Oct 12, 2013; Boston, MA, USA; Detroit Tigers shortstop Jhonny Peralta (27) hits a double during the eighth inning in game one of the American League Championship Series baseball game against the Boston Red Sox at Fenway Park. Mandatory Credit: Bob DeChiara-USA TODAY Sports

Jhonny Peralta Agrees to Four Year Deal with Cardinals


According to Jon Heyman of CBS Sports, Jhonny Peralta wanted to play with the Cardinals.  Heyman suggested that Peralta likely asked other teams for more money, while agreeing to take less from St. Louis:

If the above is accurate, I don’t think you can fault the Mets (or any other interested team) for balking at that asking price.

Peralta got his four year deal at “slightly more” than $52 million dollars from St. Louis.  Logically, that would mean that the Mets (or another team) would’ve had to tack on a fifth guaranteed year or millions more annually in order to land Peralta.

If that’s the case, I’m glad the Mets didn’t bite.

UPDATE, 12:31 PM:

According to Jon Morosi of Fox Sports, Peralta’s deal with St.
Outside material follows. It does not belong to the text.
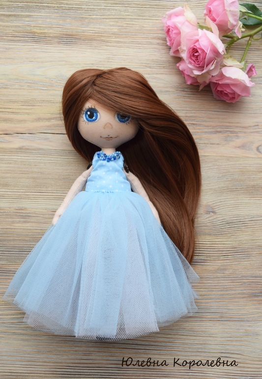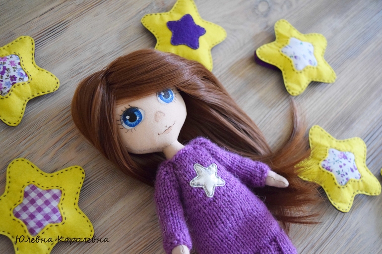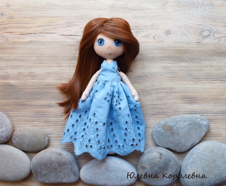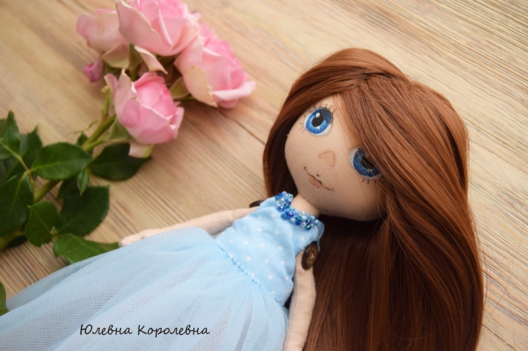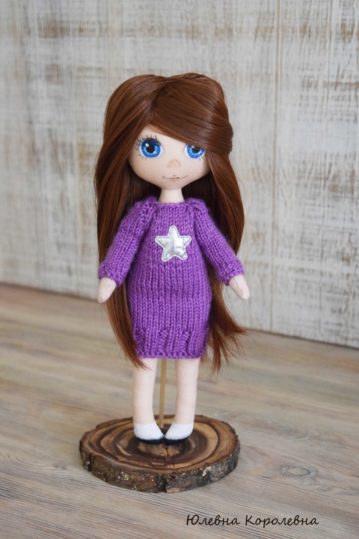Интерьерная текстильная куколка Алиса, около 23см ростом, стоит на подставке, не сидит. Платьица снимаются, малышку можно переодевать. Под катом много фото.

Louis will be for four years and “a little more” than $52 million.


According to Jerry Crasnick of ESPN, free agent shortstop Jhonny Peralta is on the verge of a multiyear deal with the St. Louis Cardinals.

Terms of the potential deal are not yet known, but it was reported earlier this week that Peralta had a four year deal worth $52 million in hand.

Peralta, 31, had been the Mets’ top free agent shortstop target.  If he does indeed sign with St. Louis, that would leave Stephen Drew as the only other solid free agent choice to play short.


If Peralta’s deal is indeed for four years and $52 million, I’ll be peeved that the Mets weren’t willing to match it.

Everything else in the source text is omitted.